■ INFORMATION SHOWN:
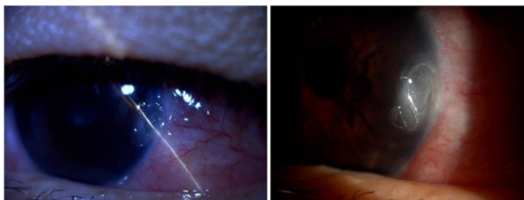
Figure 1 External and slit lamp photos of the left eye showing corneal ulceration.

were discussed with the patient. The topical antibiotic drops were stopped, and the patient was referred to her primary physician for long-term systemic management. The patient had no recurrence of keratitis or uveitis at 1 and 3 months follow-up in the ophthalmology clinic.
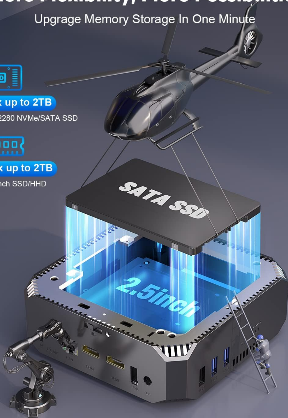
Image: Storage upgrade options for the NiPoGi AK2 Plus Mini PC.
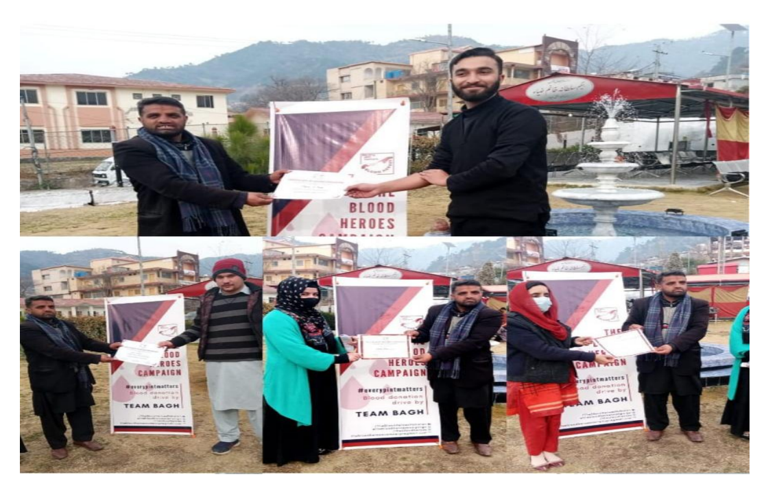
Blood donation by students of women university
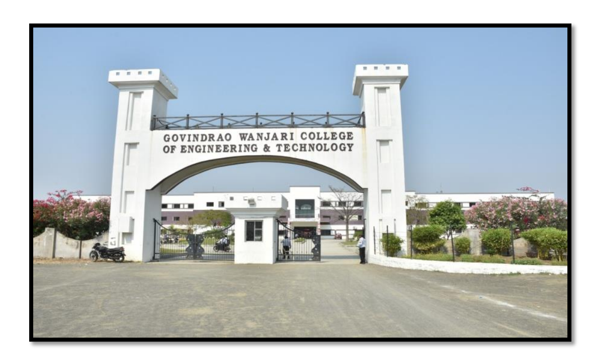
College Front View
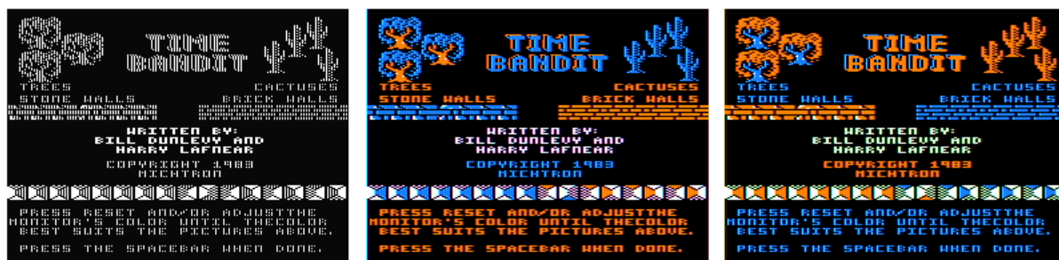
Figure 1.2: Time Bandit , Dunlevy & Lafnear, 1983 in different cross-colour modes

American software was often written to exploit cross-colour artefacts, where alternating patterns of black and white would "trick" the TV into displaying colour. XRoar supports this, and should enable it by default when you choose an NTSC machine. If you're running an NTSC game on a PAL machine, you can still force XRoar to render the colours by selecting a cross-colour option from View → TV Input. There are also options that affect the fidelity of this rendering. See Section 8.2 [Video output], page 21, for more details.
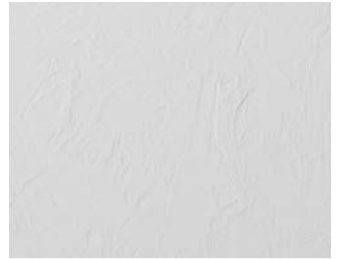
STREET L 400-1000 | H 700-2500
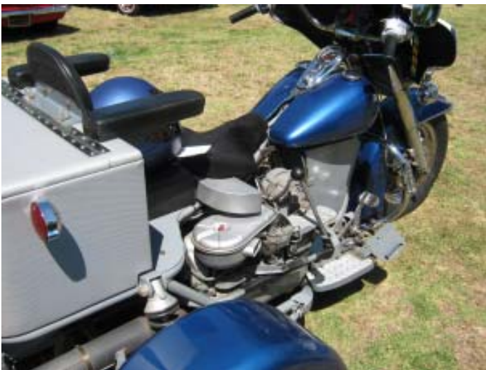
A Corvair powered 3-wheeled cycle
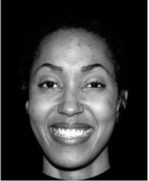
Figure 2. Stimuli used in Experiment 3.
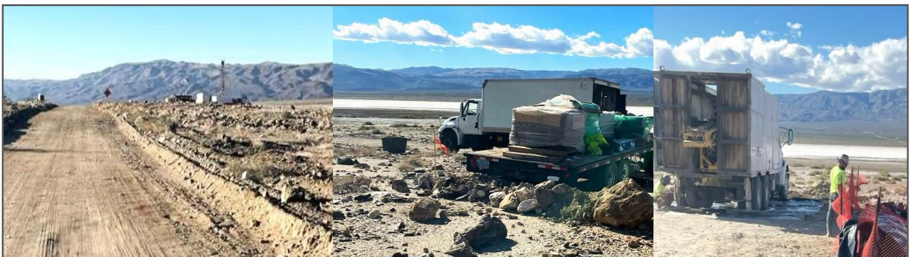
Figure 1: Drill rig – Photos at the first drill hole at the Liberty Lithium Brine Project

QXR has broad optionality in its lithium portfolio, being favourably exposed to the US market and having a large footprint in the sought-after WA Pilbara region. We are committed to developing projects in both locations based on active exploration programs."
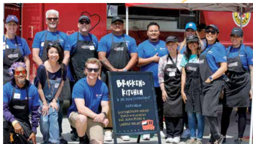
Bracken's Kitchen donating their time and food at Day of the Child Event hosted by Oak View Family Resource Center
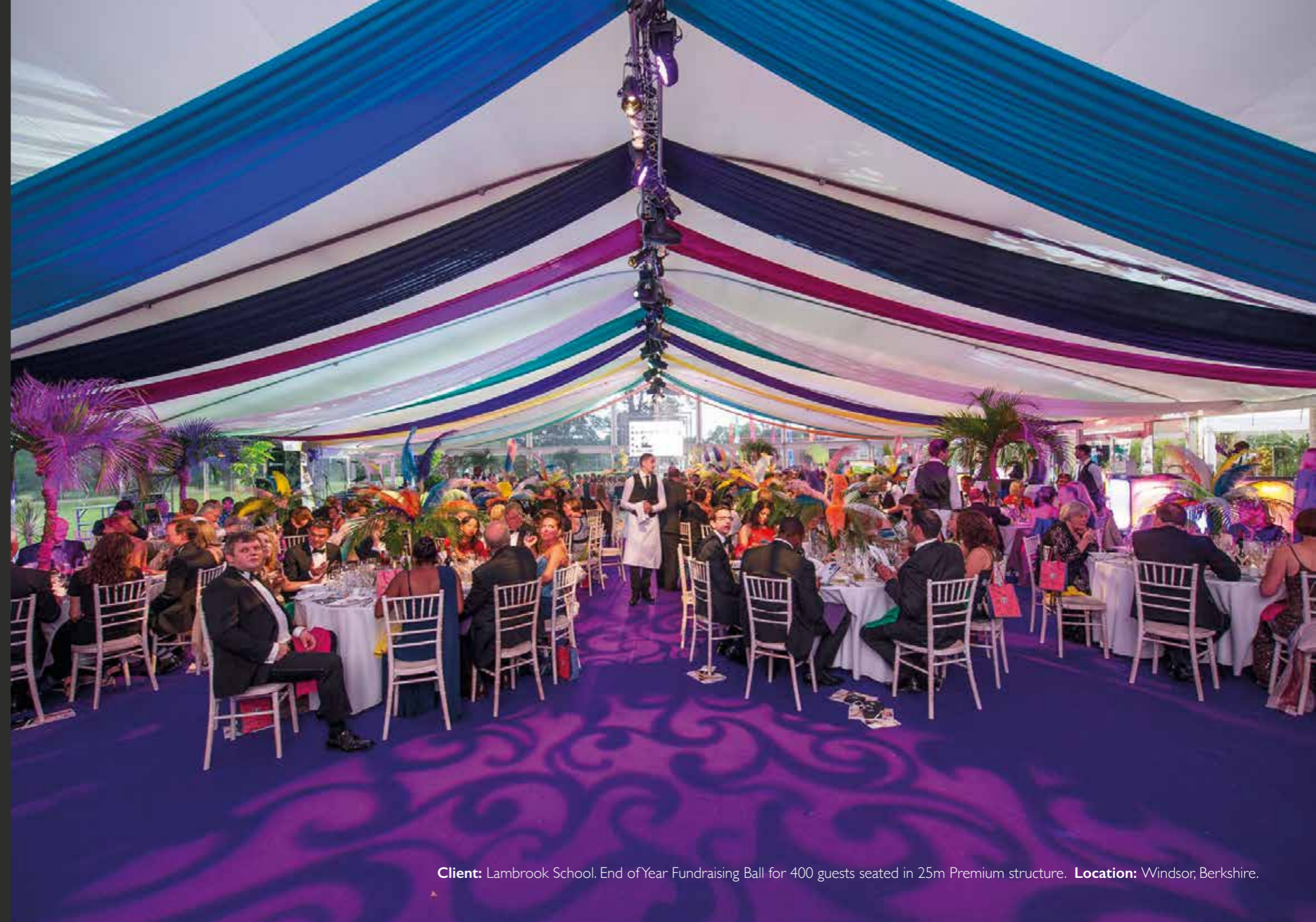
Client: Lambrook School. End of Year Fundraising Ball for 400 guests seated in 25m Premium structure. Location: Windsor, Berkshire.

■ PROBLEM:
All that is wanted is the lines above between the one containing "Figure 2. Stimuli used in Experiment 3." and the one containing "Figure 1: Drill", inclusive, restated word for word, with pictures omitted.

■ ANSWER TO THE PROBLEM:
Figure 2. Stimuli used in Experiment 3.
Figure 1: Drill rig – Photos at the first drill hole at the Liberty Lithium Brine Project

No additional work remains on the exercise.